Our fractured African roots
Middle Stone Age cultural artefacts from northern and southern Africa [Credit: Eleanor Scerri/
Francesco d'Errico/Christopher Henshilwood]
While it is widely accepted that our species originated in Africa, less attention has been paid to how we evolved within the continent. Many had assumed that early human ancestors originated as a single, relatively large ancestral population, and exchanged genes and technologies like stone tools in a more or less random fashion.

In a paper published in Trends in Ecology and Evolution this week, this view is challenged, not only by the usual study of bones (anthropology), stones (archaeology) and genes (population genomics), but also by new and more detailed reconstructions of Africa's climates and habitats over the last 300,000 years.

One species, many origins

"Stone tools and other artifacts - usually referred to as material culture - have remarkably clustered distributions in space and through time," said Dr. Eleanor Scerri, researcher at the Max Planck Institute for the Science of Human History and the University of Oxford, and lead author of the study. "While there is a continental-wide trend towards more sophisticated material culture, this 'modernization' clearly doesn't originate in one region or occur at one time period."

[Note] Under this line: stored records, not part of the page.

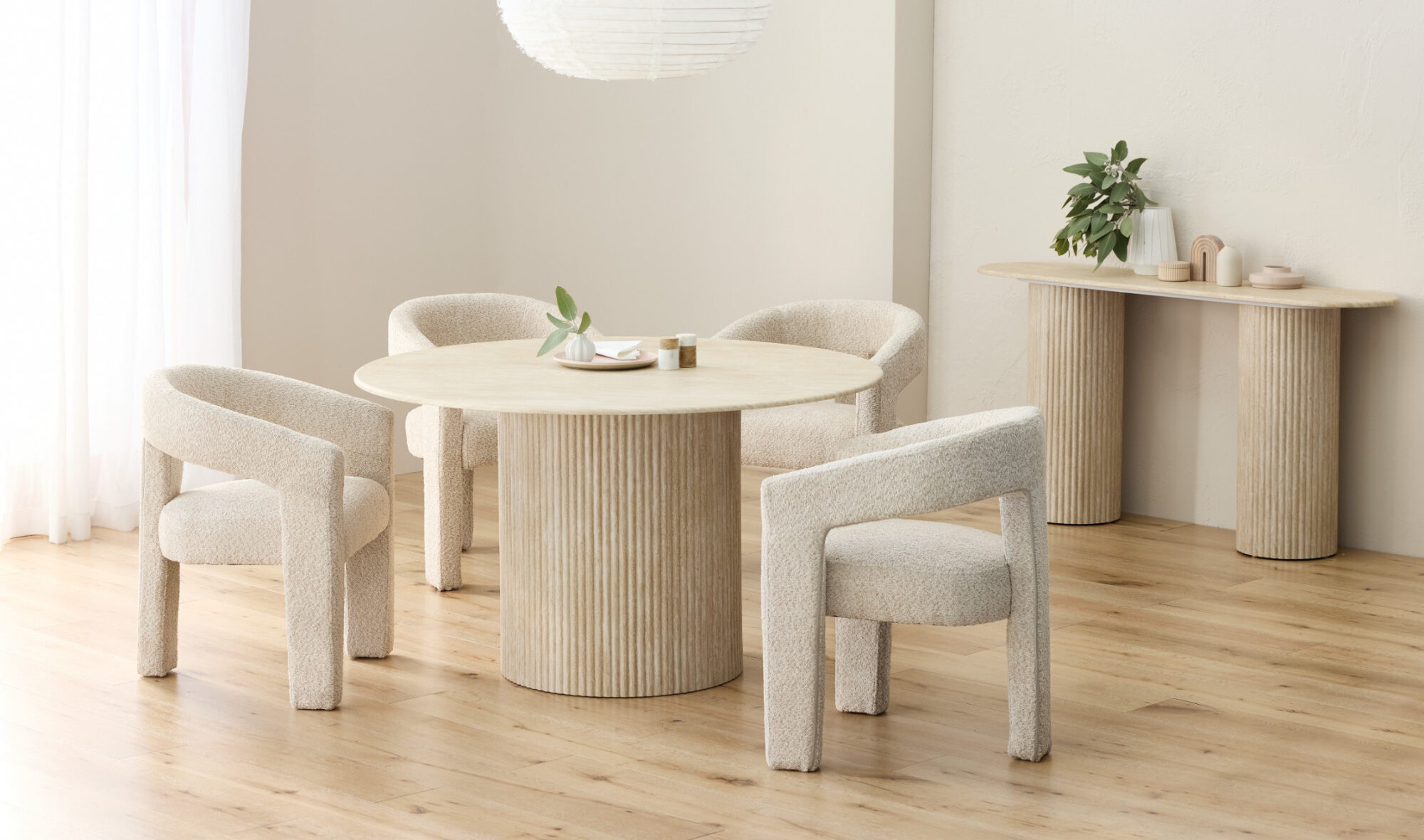 The Pompeii Dining Table is expertly crafted to bring you a unique and stylish addition to your home decor. The stunning stone range travertine look paired with the corrugated MDF base creates a one of a kind piece that will elevate any dining room
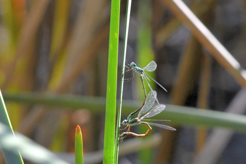 アオイトトンボペア作品は、草に止まった所を捉え、羽が光ってバックが抜けてペアが引き立っています。
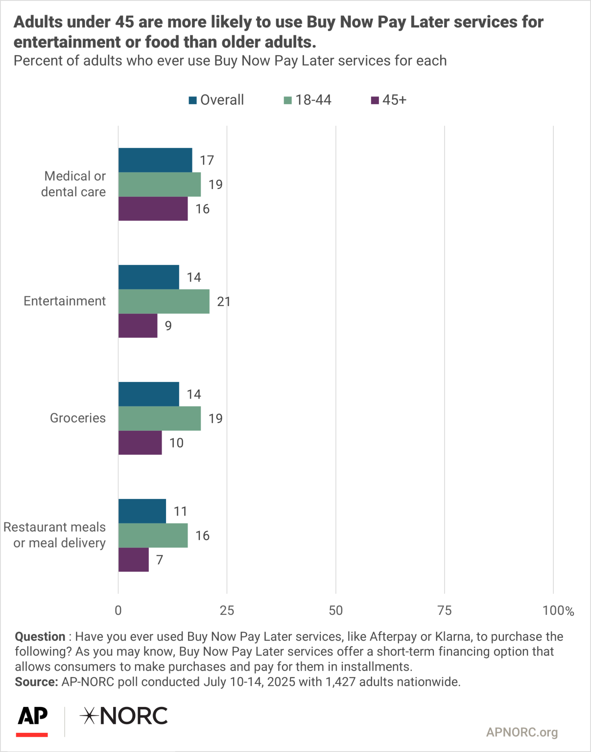 Food, housing, and health care costs are a source of major stress for many people AP-NORC Center for Public Affairs Research About half the public identify the cost of groceries as a major source of financial stress. Nearly 1 in 5 of them have used so-called Buy Now Play Later services to buy their groceries.
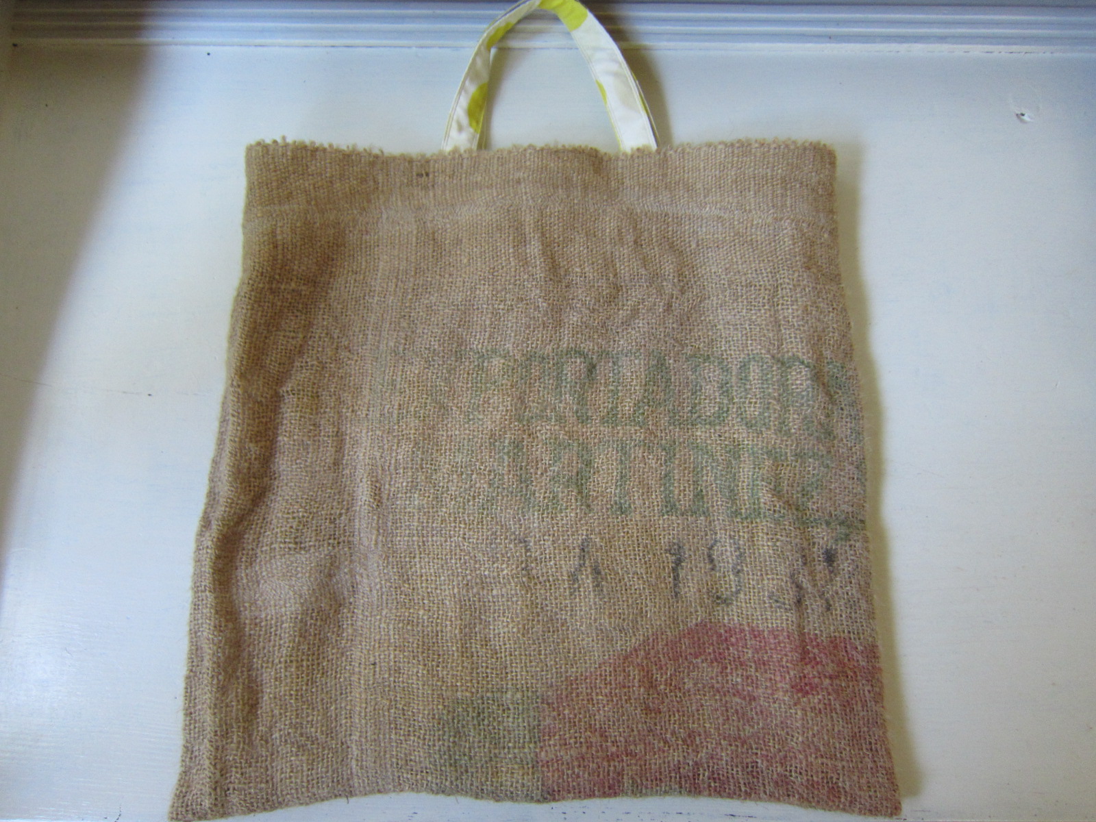 素材 珈琲豆の麻袋 裏布リネンの水玉
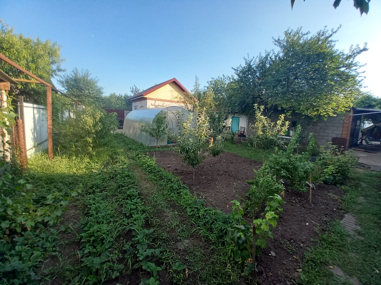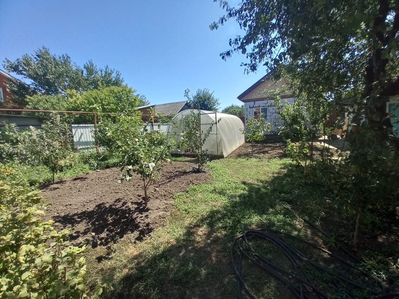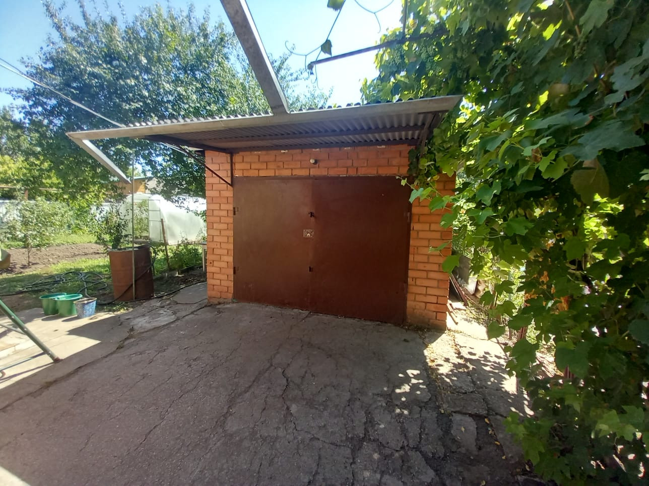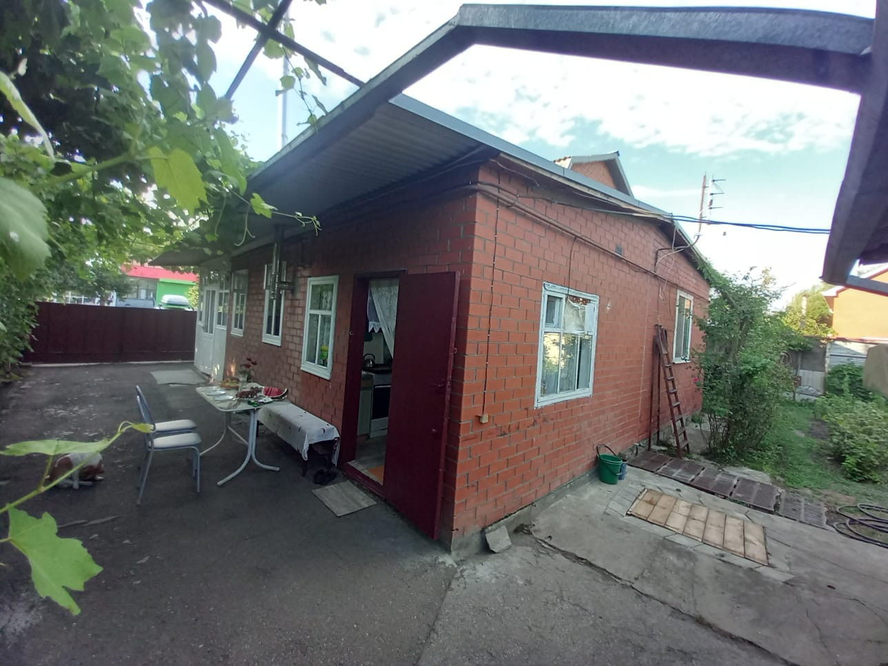 Двор асфальтирован. К дому пристроен металлический каркас беседки из виноградных лоз. Есть возможность сделать большой навес от прямых солнечных лучей. Во дворе имеется вывод воды для полива, мытья автомобиля и других бытовых нужд.
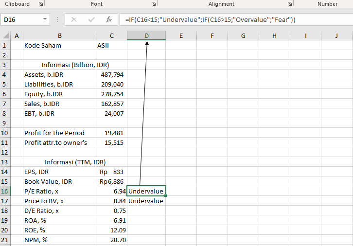 Misalnya saya aplikasikan fungsi if dalam analisis saham sederhana. Masih lanjutkan fungsi vlookup diatas, namun kali ini saya mencoba ambil bagian tertentu saya misalnya data TTM pada baris 14-21. Katakanlah saya ingin membandingkan matrik p/e ratio dan Price BV saham ASII dengan yang saya inginkan yaitu misalnya PE dibawah 15x adalah undervalue, PE diatas 15x adalah overvalue dan 15x adalah Fear, begini hasilnya.
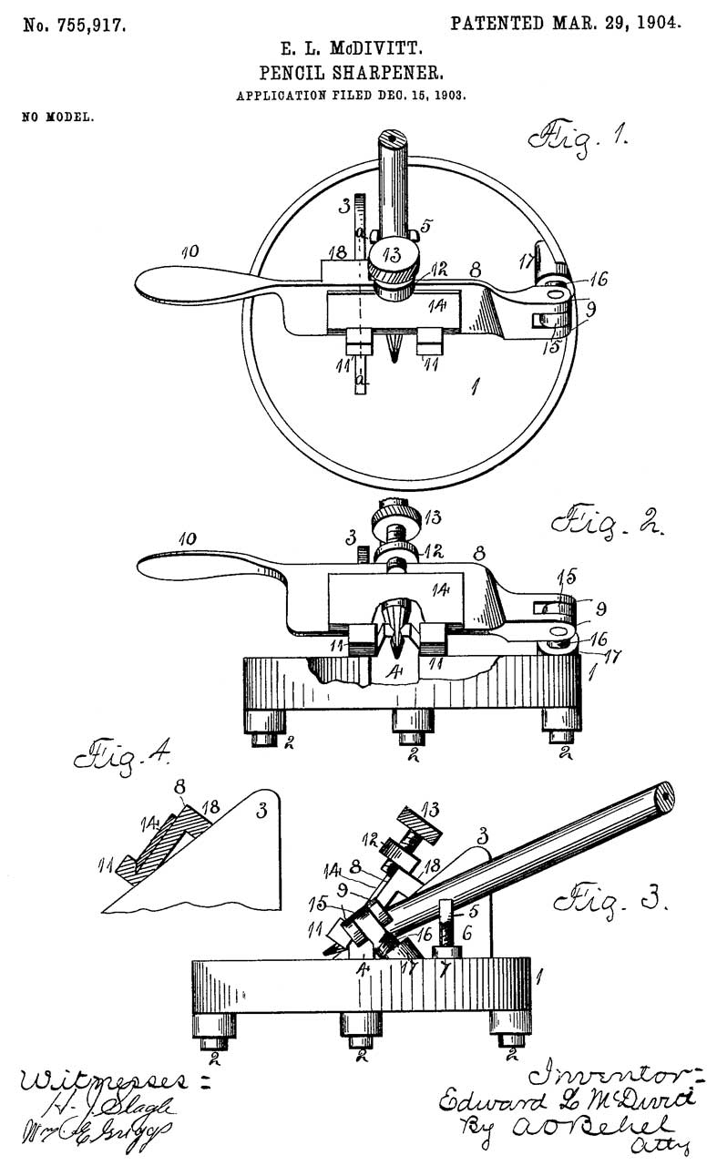 755917 Pencil-sharpener, Edward L McDivitt, App: 1903-12-15, Pub: 1904-03-29, -
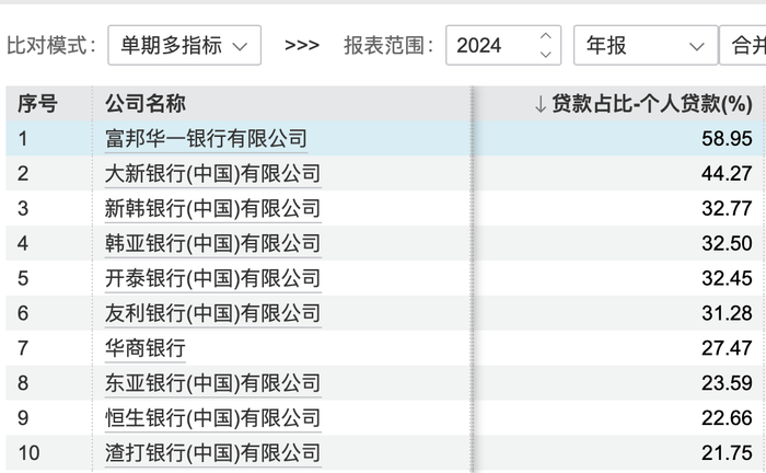 从个贷业务占比看,上述银行多属相对重视零售业务的外资行。2024年,富邦华一银行个人贷款达到403.27亿元,个人贷款占比58.95%,占比情况位居41家外资银行榜首,同时也是唯一一家个贷业务占比过半的外资行。
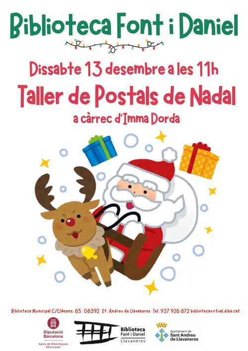 Ara ve Nadal... Un any més us convidem al tradicional Taller de postals de Nadal, a càrrec d'Imma Dorda. Dissabte 13 de desembre, a les 11 h, veniu a crear postals de Nadal originals, úniques i especials, plenes de màgia. Us oferim tots els materials i l'acompanyament necessari per despertar la vostra imaginació. Per a grans i petits! Us hi esperem!
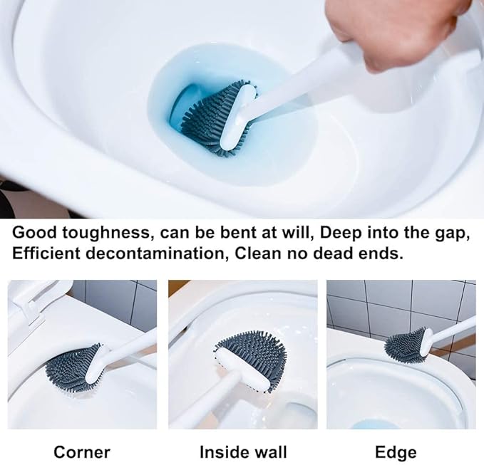 - Easily Clean Dead Corner: The flat silicone toilet brush head can be bent to fit the angle of the rim, reaching under the rim. The tip of the brush head is designed to clean the edge of the toilet bowl better by bending the brush head upward

Our fractured African roots
Evolutionary changes of braincase shape from an elongated to a globular shape. The latter evolves within the
Homo sapiens lineage via an expansion of the cerebellum and bulging of the parietal. Left: micro-CT scan
of Jebel Irhoud 1 (~300 ka, Africa); Right: Qafzeh 9 (~95 ka, the Levant) [Credit: Philipp Gunz,
Max Planck Institute for Evolutionary Anthropology]
Human fossils tell a similar story. "When we look at the morphology of human bones over the last 300,000 years, we see a complex mix of archaic and modern features in different places and at different times," said Prof. Chris Stringer, researcher at the London Natural History Museum and co-author on the study. "As with the material culture, we do see a continental-wide trend towards the modern human form, but different modern features appear in different places at different times, and some archaic features are present until remarkably recently."